Он с холодной усмешкой взглянул на озабоченное лицо коротковолосого безбородого человека, американца.
— Я на самом деле мертв, правда? Я не чувствую ни голода, ни боли, ни жажды. Я прикладываю руку к телу и не ощущаю его. Я словно во сне. Но это не сон. Я призрак?
— Не совсем.
— Не совсем призрак! Не совсем! Даже тупица с мозгами свиньи не скажет такого! Что это значит?
— Это нелегко объяснить понятными вам словами, дон Франсиско.
— Ну конечно! Все знают, что я непроходимо глуп и завоевал Перу только по своей непроходимой глупости. Ладно. Я не совсем призрак, но все-таки мертв, правильно?
— Ну…
— Итак, я мертв. Но каким-то образом не попал ни в ад, ни в чистилище, а все еще на земле, но в какие-то более поздние времена. Я спал, как спят мертвецы, а теперь проснулся в каком-то году далеко в будущем, и это эпоха Америки. Разве не так? Кто сейчас король? Кто Папа? Какой сейчас год? Тысяча семьсот пятидесятый? Тысяча восьмисотый?
— Две тысячи сто тридцатый, — немного поколебавшись, ответил американец.
— А… — Писарро задумчиво подергал нижнюю губу. — А король? Кто король?
Ответ последовал после долгой паузы:
— Альфонсо.
— Альфонсо? Так зовут королей Арагона. Отец Фердинанда был Альфонсо. Альфонсо Пятым.
— Сейчас король Испании Альфонсо Девятнадцатый.
— Вот как? А Папа? Кто Папа?
И опять возникла пауза.
Не сказать сразу, как зовут Папу? Странно! Демон или не демон, но уж точно дурень!
— Пий, — наконец сообщил голос. — Пий Шестнадцатый.
— Пий Шестнадцатый, — мрачно повторил Писарро. — Иисус и Дева Мария, шестнадцатый Пий! Что со мной случилось? Да я давно уже мертвец! И грехи мои до сих пор не отпущены! И сейчас я их чувствую, они присохли к коже, как грязь…
Американец, ты колдун, ты оживил меня! Да? Что скажешь? Так это или нет?
— Ну, что-то в этом роде, — признало лицо.

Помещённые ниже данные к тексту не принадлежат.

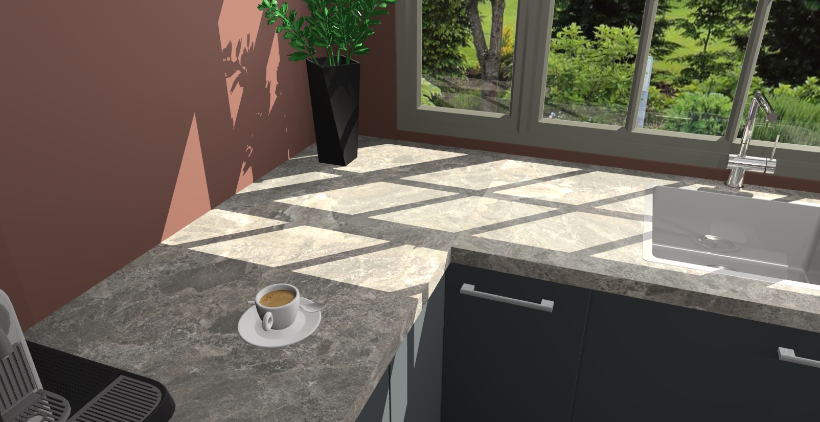 - Bij een hoekwerkblad zijn de hoeken in gevreesd en op maat gemaakt
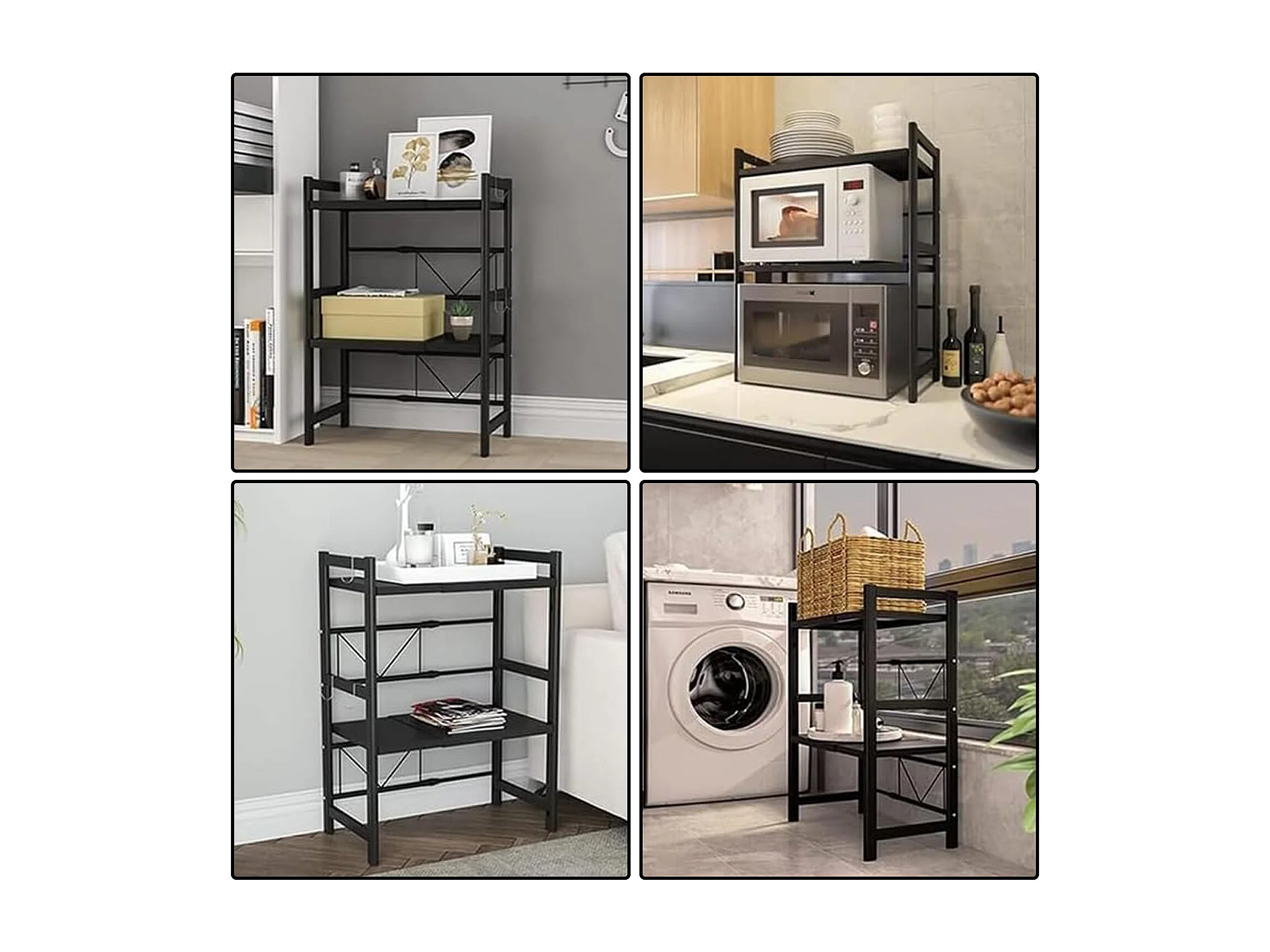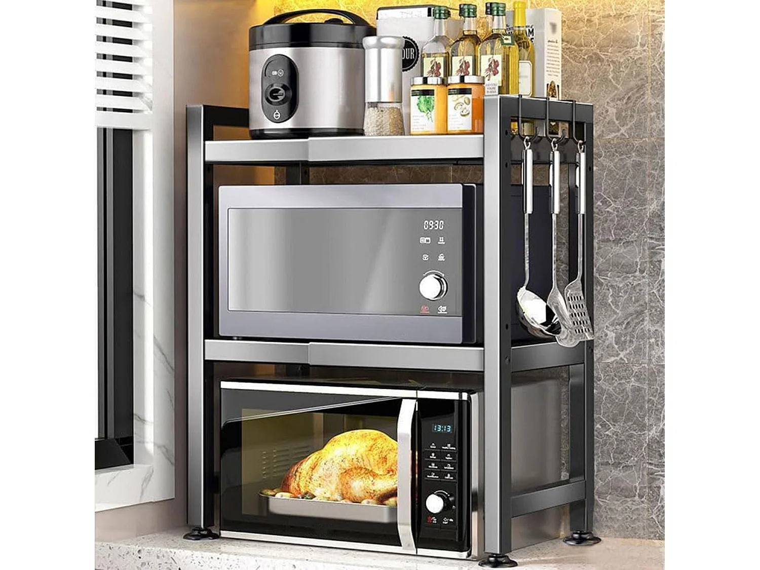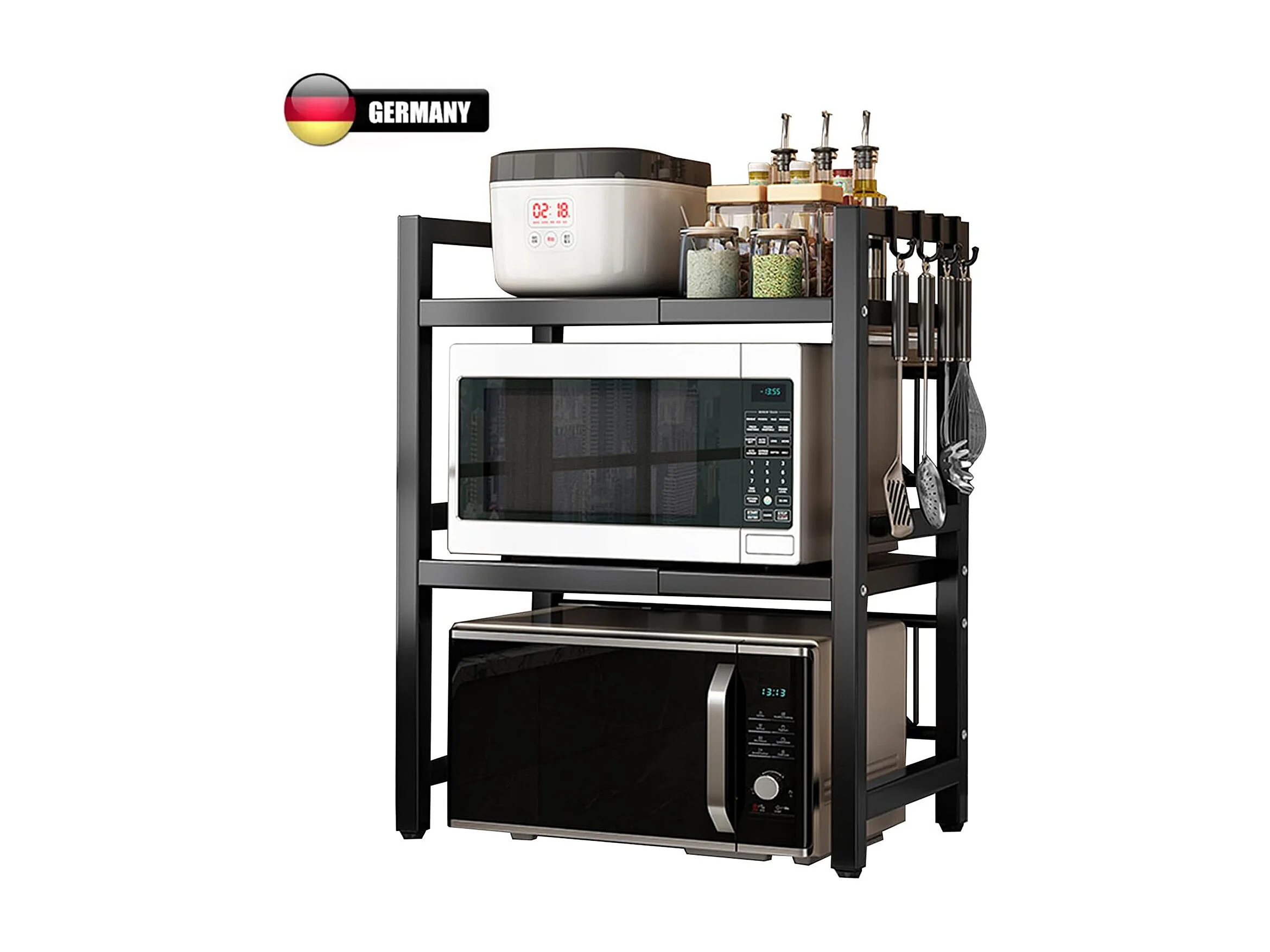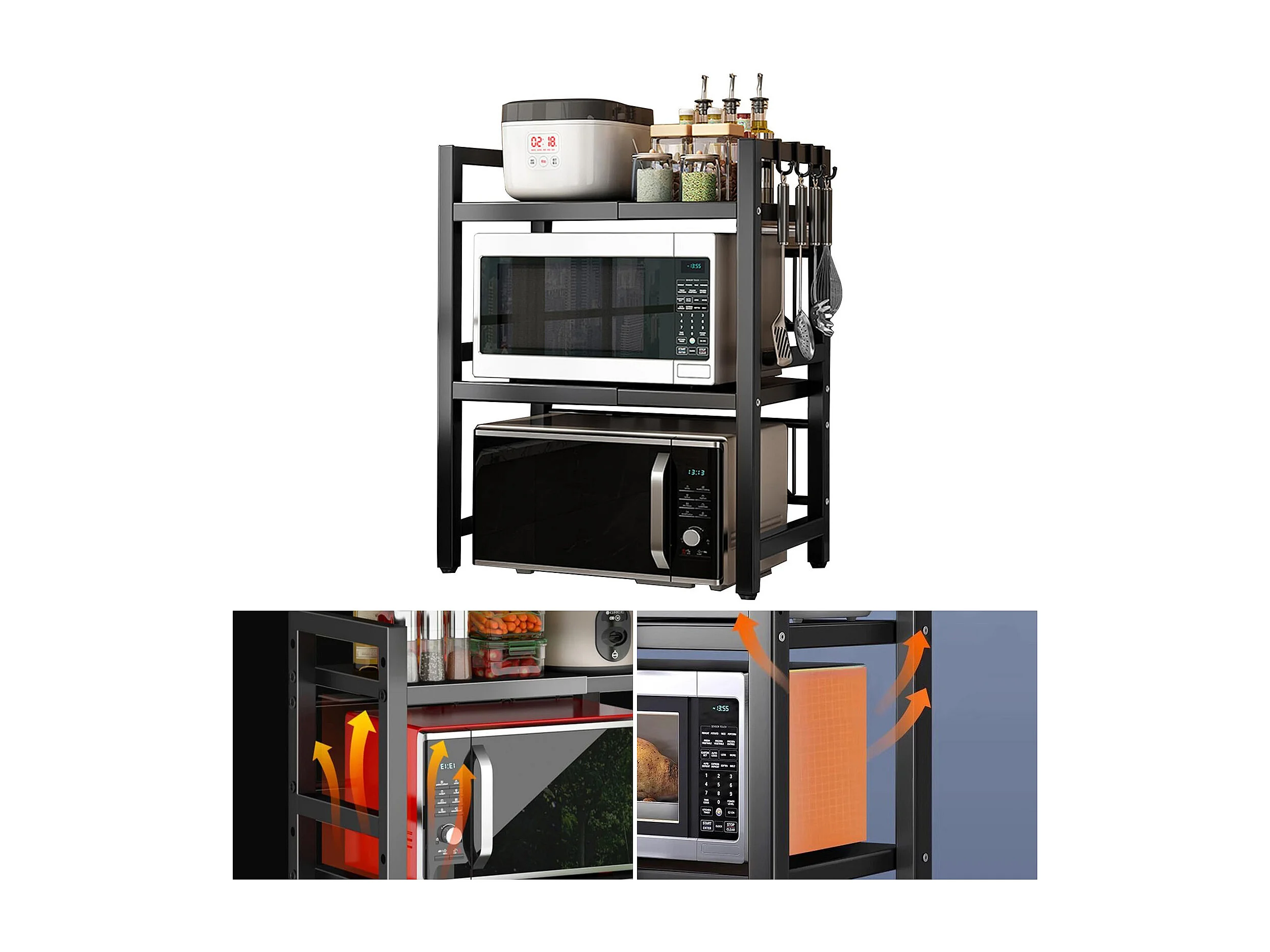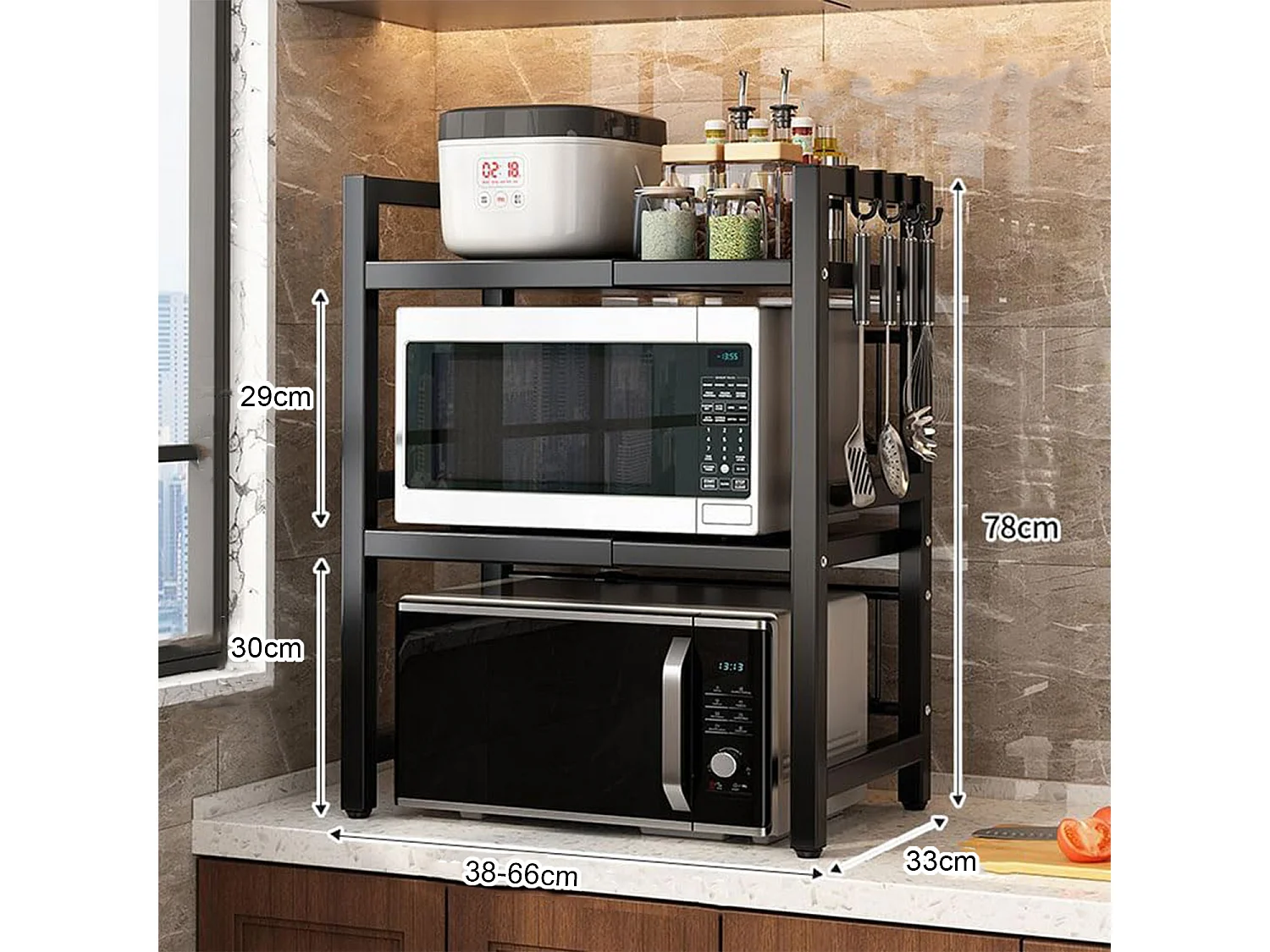 Étagère de rangement de cuisine en métal noir - double niveau extensible + 6 crochets

— Ты говоришь по-испански так странно потому, что уже не знаешь, как правильно произносить слова. Да? Даже я говорю по-испански не так, и голос кажется не моим. Никто больше не говорит по-испански, да? Правда? Только по-американски. Да? Но ты пытаешься говорить на испанском, однако звучит твоя речь по-дурацки. И меня заставил изъясняться так же, потому что думал — именно таков мой язык. Но ты ошибаешься. Согласен, ты можешь сотворить чудо, но, сдается мне, не все ты способен делать идеально. Даже в этой земле чудес в две тысячи сто тридцатом году. Да? Да? — Писарро вопрошающе подался вперед. — Что скажешь? Ты считал меня глупцом, потому что я не умею читать и писать? Но я, выходит, не так уж и глуп. Я быстро схватываю, что к чему.
— И правда, очень быстро.
— Но ты знаешь много такого, что мне неведомо. Например, ты должен знать, как я умер. Мне странно говорить о собственной смерти, но ты же знаешь, что там стряслось, да? Когда я умер? Как? Во сне? Нет-нет, это исключено. Во сне можно умереть в Испании, но не в Перу. Так как же это произошло? На меня напали трусы? Какой-нибудь братец Атауальпы подстерег меня, когда я вышел из дому? Раб, посланный Манко, или один из тех, других? Нет. Нет… Индейцы не напали бы на меня, даже несмотря на то, что я им устроил. Меня прикончил молодой Альмагро, не так ли? Он мстил за отца, Хуана де Эрраду, я прав? Или, возможно, даже Пикадо, мой секретарь… нет, не Пикадо — он всегда был мне верен… Может, Альварадо… Молодой Диего… Кто-то из них… Напали исподтишка, иначе я бы им показал… Я прав? Верно я говорю? Скажи мне. Ты знаешь. Скажи, как я умер.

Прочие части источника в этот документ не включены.